For a financial application, I'm trying to create a DataFrame where each row is a session date value for a particular equity. To get the data, I'm using Pandas Remote Data. So, for example, the features I'm trying to create might be the adjusted closes for the preceding 32 sessions.
This is easy to do in a for-loop, but it takes quite a long time for large features sets (like going back to 1960 on "ge" and making each row contain the preceding 256 session values). Does anyone see a good way to vectorize this code?
import pandas as pd
def featurize(equity_data, n_sessions, col_label='Adj Close'):
"""
Generate a raw (unnormalized) feature set from the input data.
The value at col_label on the given date is taken
as a feature, and each row contains values for n_sessions
"""
features = pd.DataFrame(index=equity_data.index[(n_sessions - 1):],
columns=range((-n_sessions + 1), 1))
for i in range(len(features.index)):
features.iloc[i, :] = equity_data[i:(n_sessions + i)][col_label].values
return features
I could alternatively just multi-thread this easily, but I'm guessing that pandas does that automatically if I can vectorize it. I mention that mainly because my primary concern is performance. So, if multi-threading is likely to outperform vectorization in any significant way, then I'd prefer that.

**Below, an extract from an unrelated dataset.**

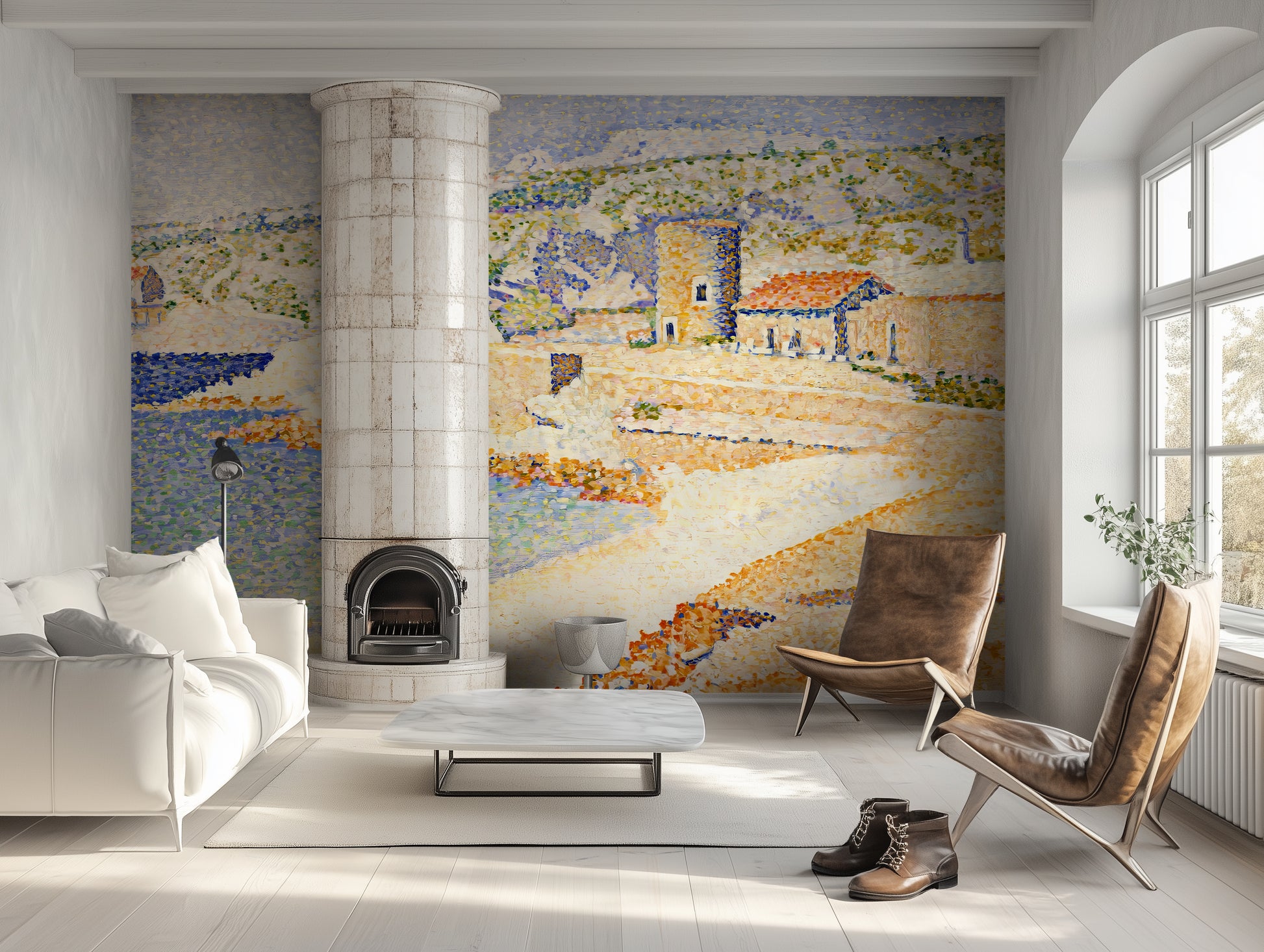 This wallpaper is based on the original painting by Paul Signac, now in the public domain. It has been respectfully upscaled and adapted for large-scale interior use under a public domain license.

Short example of input and output:
>>> eq_data
Open High Low Close Volume Adj Close
Date
2014-01-02 15.42 15.45 15.28 15.44 31528500 14.96
2014-01-03 15.52 15.64 15.30 15.51 46122300 15.02
2014-01-06 15.72 15.76 15.52 15.58 42657600 15.09
2014-01-07 15.73 15.74 15.35 15.38 54476300 14.90
2014-01-08 15.60 15.71 15.51 15.54 48448300 15.05
2014-01-09 15.83 16.02 15.77 15.84 67836500 15.34
2014-01-10 16.01 16.11 15.94 16.07 44984000 15.57
2014-01-13 16.37 16.53 16.08 16.11 57566400 15.61
2014-01-14 16.31 16.43 16.17 16.40 44039200 15.89
2014-01-15 16.37 16.73 16.35 16.70 64118200 16.18
2014-01-16 16.67 16.76 16.56 16.73 38410800 16.21
2014-01-17 16.78 16.78 16.45 16.52 37152100 16.00
2014-01-21 16.64 16.68 16.36 16.41 35597200 15.90
2014-01-22 16.44 16.62 16.37 16.55 28741900 16.03
2014-01-23 16.49 16.53 16.31 16.43 37860800 15.92
2014-01-24 16.19 16.21 15.78 15.83 66023500 15.33
2014-01-27 15.90 15.91 15.52 15.71 51218700 15.22
2014-01-28 15.97 16.01 15.51 15.72 57677500 15.23
2014-01-29 15.48 15.53 15.20 15.26 52241500 14.90
2014-01-30 15.43 15.45 15.18 15.25 32654100 14.89
2014-01-31 15.09 15.10 14.90 14.96 64132600 14.61
>>> features = data.featurize(eq_data, 3)
>>> features
-2 -1 0
Date
2014-01-06 14.96 15.02 15.09
2014-01-07 15.02 15.09 14.9
2014-01-08 15.09 14.9 15.05
2014-01-09 14.9 15.05 15.34
2014-01-10 15.05 15.34 15.57
2014-01-13 15.34 15.57 15.61
2014-01-14 15.57 15.61 15.89
2014-01-15 15.61 15.89 16.18
2014-01-16 15.89 16.18 16.21
2014-01-17 16.18 16.21 16
2014-01-21 16.21 16 15.9
2014-01-22 16 15.9 16.03
2014-01-23 15.9 16.03 15.92
2014-01-24 16.03 15.92 15.33
2014-01-27 15.92 15.33 15.22
2014-01-28 15.33 15.22 15.23
2014-01-29 15.22 15.23 14.9
2014-01-30 15.23 14.9 14.89
2014-01-31 14.9 14.89 14.61
So each row of features is a series of 3 (n_sessions) successive values from the 'Adj Close' column of the features DataFrame.
====================
Improved version based on Primer's answer below:
def featurize(equity_data, n_sessions, column='Adj Close'):
"""
Generate a raw (unnormalized) feature set from the input data.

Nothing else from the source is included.